Although it is true that the current trend is to standardize all these parameters, the truth is that they depend on the method used by each manufacturer, so if the characteristics adopted at the beginning of the project do not coincide with the chosen supplier, the analysis carried will not correspond to reality.
A characteristic of this type of system is that the thicknesses of the fittings (elbows, tees, etc.) are greater than the thicknesses of the pipe sections.
Below are two typical tables where you can view all the parameters necessary to enter data in the calculation program.
GRP pipe data sheet.
GRP pipe data sheet.
4. Mechanical and physical properties of GRP materials
The materials that make up the GRP pipes are of the orthotropic type, unlike steel that is of the isotropic type. The mechanical properties in a specific direction throughout the material (Axial for instance) are all the same, and the properties in all directions perpendicular to the first will also be the same (Hoop), but different from the previous ones. This difference in mechanical properties leads to having two modulus of elasticity for the same material, Ea (Axial modulus) and Eh (Hoop modulus).
The values of the modulus of elasticity of GRP are low compared to that of steel, which means that the material will have a greater deformation under the same stress if we compare it with steel. Some typical values are around 10,000 MPA for Ea.

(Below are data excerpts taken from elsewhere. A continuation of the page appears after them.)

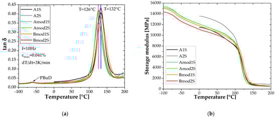 To investigate the influence of the modifiers and the applied fibre sizing on the thermomechanical properties of the cured BFRP lamellae, dynamic mechanical analyses were performed. Figure 6a shows the temperature dependent development of the mechanical damping coefficient tan δ of the various basalt fibre systems. All BFLs show a quite similar dynamic-mechanical behaviour, i.e., the damping increases slowly with increasing temperature up to the region of the dynamic glass transition, i.e., the transition from the solid to the viscoelastic state. This is also reflected in a sharp drop of the storage modulus (Figure 6b). The data show dynamic glass transition temperatures Tg in the range from 125.6 °C to about 135 °C, whereas the CR141 systems (B) show the highest values. The mechanical damping is strongly dependent on the present fibre volume content of the samples and varies in the range from 0.356 and 0.432. The basalt fibre has an approximately five times lower thermal conductivity (0.031–0.038 W/mK [40,41,42]) compared to the epoxy resin system (0.1 to 0.2 W/mK [43,44]), which can influence the heating process (heat flux) of the sample and thus the relaxation behaviour. The values are summarised in Table 3. There was no discernible postcuring of the systems, which would have been indicated by an increasing modulus after passing the region of the glass transition.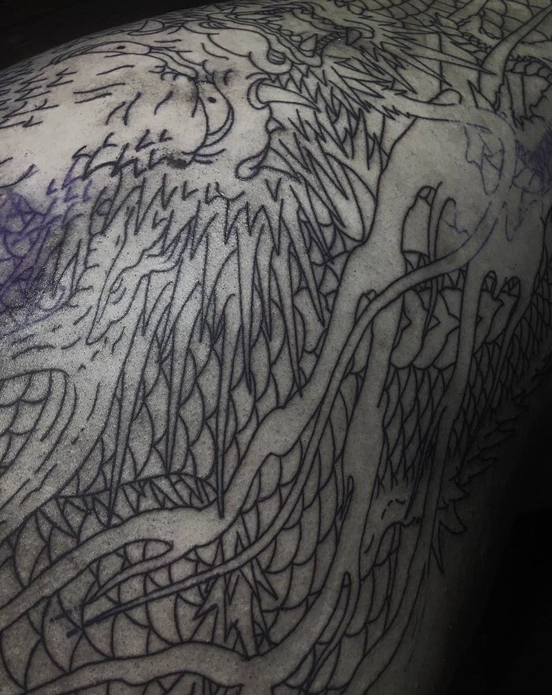 • T网红王老大花腿龙纹身图片_腿部新传统纹身图案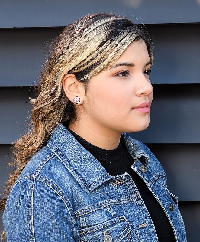 These earrings are so pretty! The glass cabochon diameter is appx. 1/2". Set in an antiqued gold-tone bezel setting. Post closure. In stock and ready to ship out. Comes in a gift box for easy gift-giving. They're so unique though, you might be tempted to keep them for yourself!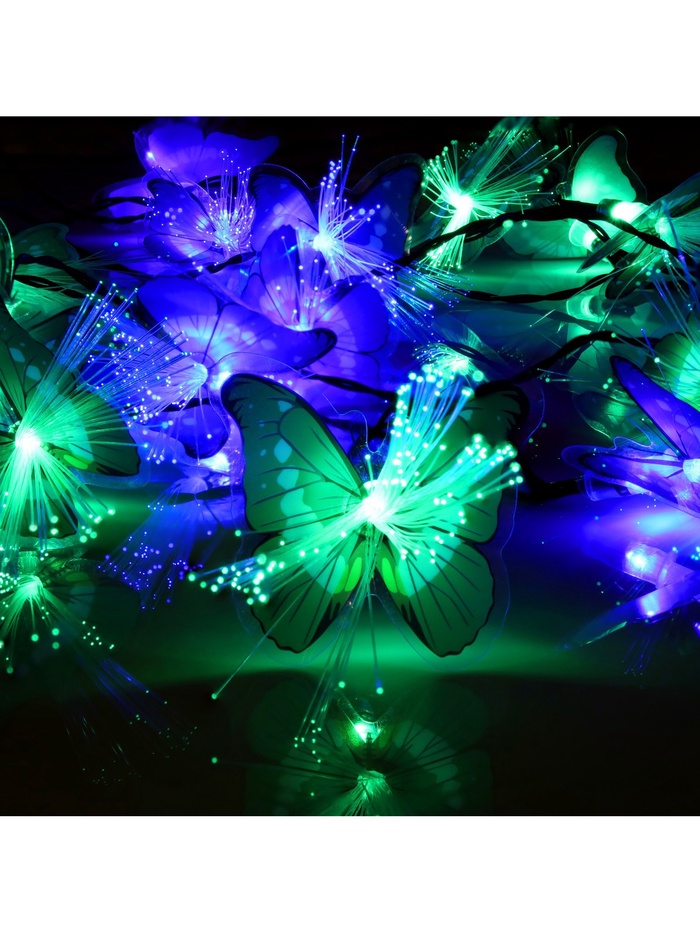 Гирлянда «Нить» 4.5 м с насадками «Бабочки», IP44, тёмная нить, 30 LED, свечение синее/зелёное, 2 режима, солнечная батарея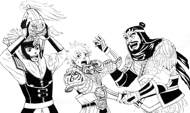 イラストは、兜を取りたがらない夏侯覇を淵ちゃんが取り押さえて、利家が取ったどーする図です。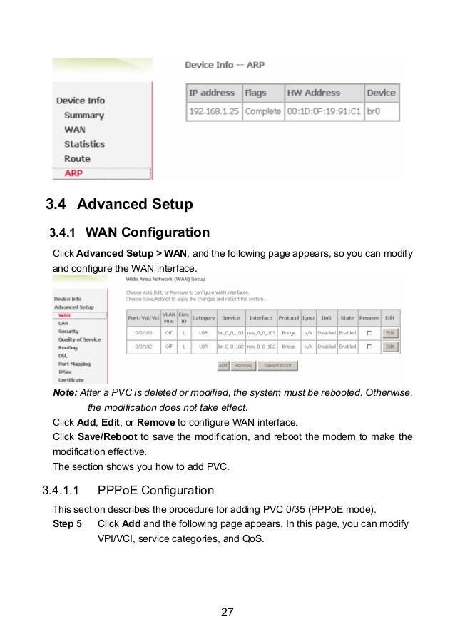 - 28. 273.4 Advanced Setup3.4.1 WAN ConfigurationClick Advanced Setup > WAN, and the following page appears, so you can modifyand configure the WAN interface.Note: After a PVC is deleted or modified, the system must be rebooted. Otherwise,the modification does not take effect.Click Add, Edit, or Remove to configure WAN interface.Click Save/Reboot to save the modification, and reboot the modem to make themodification effective.The section shows you how to add PVC.3.4.1.1 PPPoE ConfigurationThis section describes the procedure for adding PVC 0/35 (PPPoE mode).Step 5 Click Add and the following page appears. In this page, you can modifyVPI/VCI, service categories, and QoS.

Due to this characteristic of GRP, pipes will deform more than steel. This is very important in the flexibility analysis, specially when it comes to the stiffnesses of the pipe supports. This will avoid, if the layout is flexible enough, overstressed points and also the loads obtained in the supports will be lower values, being the design of the support is less robust and more economical.
The density of the pipe is a very important property to consider since the weight of the pipe will be calculated with this value, and therefore it will be reflected in the stress calculation.
Another physical property but not as important as the density of the material is the coefficient of thermal expansion of the material with which the pipe is to be manufactured.